PAQUES 2022 AU BURKINA : Une fête qui rime avec insécurité et vie chère
A l’instar des chrétiens d’Afrique et d’ailleurs, ceux du Burkina célébreront le 17 avril prochain, la Pâques, c’est-à-dire la résurrection de Jésus-Christ, sa victoire sur la mort. C’est essentiellement pour cette raison que l’on présente Pâques comme la plus grande fête chrétienne. De ce point de vue, cette fête, qui consacre la victoire définitive de la vie sur la mort, représente non seulement un grand moment de spiritualité, mais aussi de festivité. Mais cette année, au Burkina, comme d’ailleurs dans presque tous les pays du Sahel, le volet festif risque de ne pas être au rendez-vous. Et pour cause. On peut d’abord invoquer le fait que Pâques 2022 intervient à un moment où le pays enterre, chaque jour que Dieu fait, ses fils et ses filles du fait des attaques terroristes. Elle se passe ensuite, dans un contexte où deux millions de déplacés internes, composés essentiellement de femmes et d’enfants, donc de personnes vulnérables, doivent leur survie à la mendicité et à l’aide humanitaire. Pour tous ces gens, entassés pour la plupart dans des sites d’accueil généralement de fortune, où le seul repas par jour est loin d’être assuré et où leur dignité est mise à rude épreuve, en raison de la promiscuité dans laquelle ils vivent, le Burkina est devenu simplement un enfer sur terre. Pour certains d’entre eux, l’on peut mettre les pieds dans le plat, en disant que la mort pourrait être perçue comme une délivrance ; tant ils n’ont même plus la force d’espérer. La troisième et dernière raison qui permet de dire que le volet festif de Pâques ne sera pas au rendez-vous cette année, est liée à la cherté de la vie. Pour faire dans l’image afin de mieux illustrer le phénomène, on peut dire qu’au Burkina, on ne parle plus de panier de la ménagère mais de sachet de la ménagère. En effet, le niveau de l’inflation est tel que les femmes ne peuvent plus se permettre de se présenter au marché pour faire des achats avec un panier, mais plutôt avec un sachet.
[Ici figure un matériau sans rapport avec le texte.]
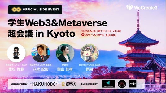 2024年7月6日(土)、豪華なスピーカー陣を迎え、協賛企業、メディアパートナー、コミニティパートナー合計38企業・団体支援のもと、「学生Web3超会議だお in Kyoto」を開催決定!
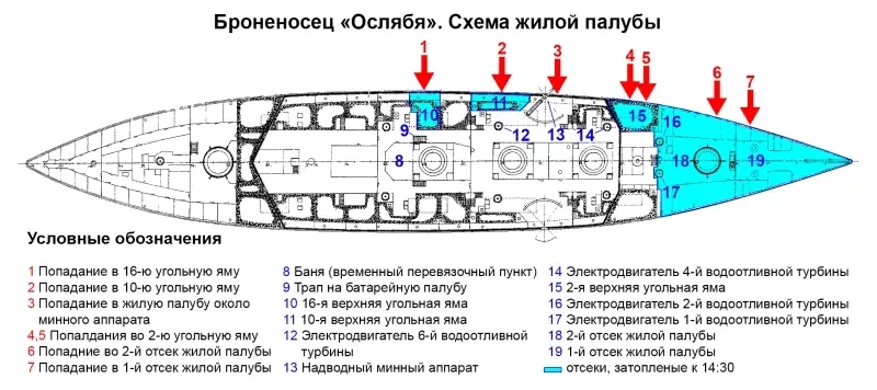Для наглядного восприятия информации о повреждениях «Осляби», распространении воды и действиях экипажа автор подготовил несколько схем.
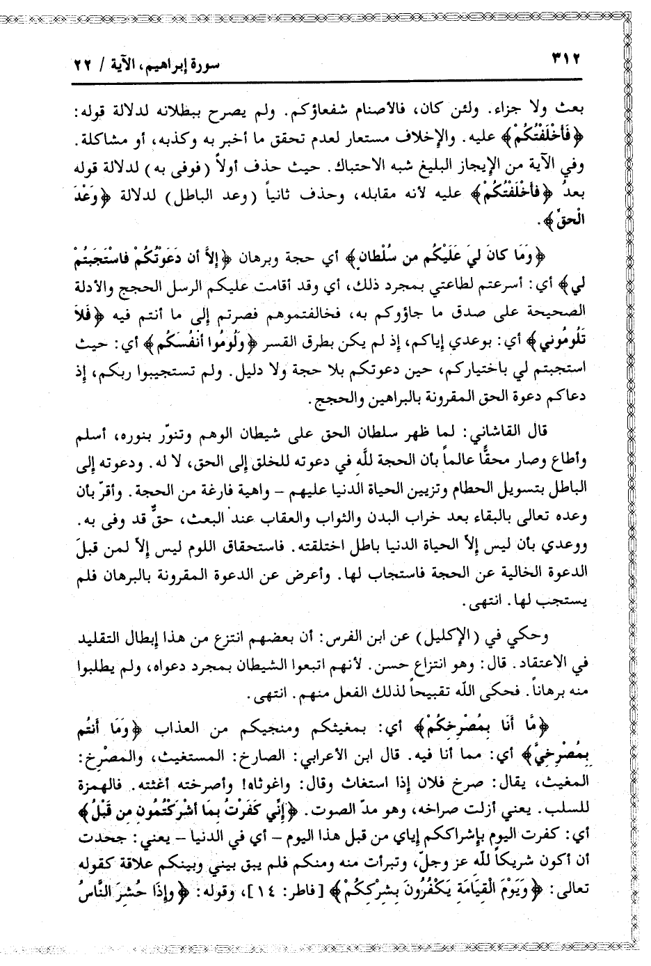 وَما كانَ لِي عَلَيْكُمْ مِنْ سُلْطانٍ أي حجة وبرهان إِلَّا أَنْ دَعَوْتُكُمْ فَاسْتَجَبْتُمْ لِي أي: أسرعتم لطاعتي بمجرد ذلك، أي وقد أقامت عليكم الرسل الحجج والأدلة الصحيحة على صدق ما جاءوكم به، فخالفتموهم فصرتم إلى ما أنتم فيه فَلا تَلُومُونِي أي: بوعدي إياكم، إذ لم يكن بطرق القسر وَلُومُوا أَنْفُسَكُمْ أي: حيث استجبتم لي باختياركم، حين دعوتكم بلا حجة ولا دليل. ولم تستجيبوا ربكم، إذ دعاكم دعوة الحق المقرونة بالبراهين والحجج.
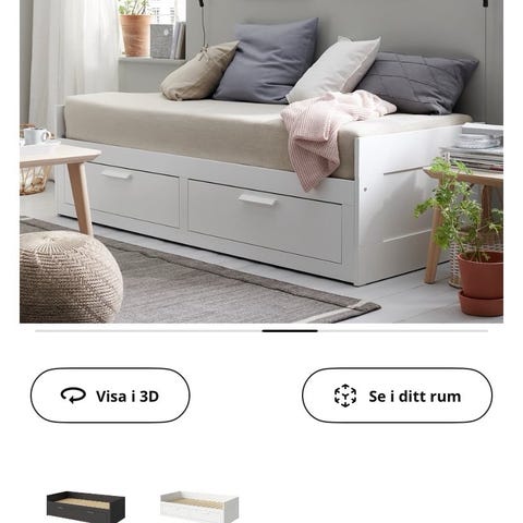 IKEA säng med förvaring i vit färg. Sängen har utdragslådor/förvaringsutrymme under liggytan, vilket ger extra plats för exempelvis sängkläder eller leksaker. Passar som enkelsäng i sovrum eller barnrum. Madrass ingår.

C’est en ces moments difficiles que les fidèles témoignent le plus leur attachement à l’Etre suprême
Pour toutes ces raisons, l’on peut dire que Pâques 2022, rime avec insécurité, crise humanitaire et vie chère. C’est pourquoi il est fort probable que dans bien des ménages chrétiens, les repas qui seront préparés à l’occasion, soient d’une frugalité spartiate, c’est-à-dire réduits à leur plus simple expression. Même les ménages aisés pourraient s’abstenir de tuer le veau gras pour célébrer la résurrection du Christ. Car, il y a quelque part de l’indécence à fêter Pâques dans le faste et la démesure, alors qu’autour de soi, la misère est ambiante. De la même manière, on ne peut pas se permettre de se défouler à coups de musique bruyante pendant que le voisin de quartier, vient d’enterrer un proche, tombé sous les balles des terroristes. L’un dans l’autre, on peut affirmer que l’écrasante majorité des chrétiens du Burkina, n’auront pas la tête à la fête. Par contre, sur le plan de la spiritualité, Pâques sera intensément célébrée. Car, c’est en ces moments difficiles, peut-on dire, que les fidèles témoignent le plus leur attachement à l’Etre suprême. De ce point de vue, l’on peut estimer que les Eglises et les temples refuseront du monde. Déjà, des mesures sont envisagées par les pouvoirs publics, de concert avec les responsables chrétiens, pour sécuriser les lieux de culte. Il ne fait pas de doute que tous les sermons qui y seront prononcés, seront en lien avec la paix et la concorde nationale. Puissent donc toutes ces voix qui s’élèveront vers le Maître absolu de l’univers, être entendues. Dans le même registre, on peut signaler que les autorités de la Transition appellent à des prières du 15 au 17 avril pour implorer Dieu, afin qu’il sorte le Burkina de l’impasse sécuritaire dans laquelle il se trouve aujourd’hui. On peut aussi ajouter que le mercredi 13 avril dernier, des responsables musulmans ont cassé leur carême à la résidence du Cardinal Philippe Ouédraogo. Cet acte, hautement symbolique, autorise à croire que le Burkina est sur le bon chemin en matière de tolérance religieuse. Pour terminer, l’on peut mentionner que le carême chrétien et le jeûne du mois de Ramadan se passent au même moment. Cette coïncidence heureuse, est peut-être le signe que c’est par la pénitence que les fidèles des deux religions révélées, accéderont à Dieu afin qu’il étende sa main sur leur pays.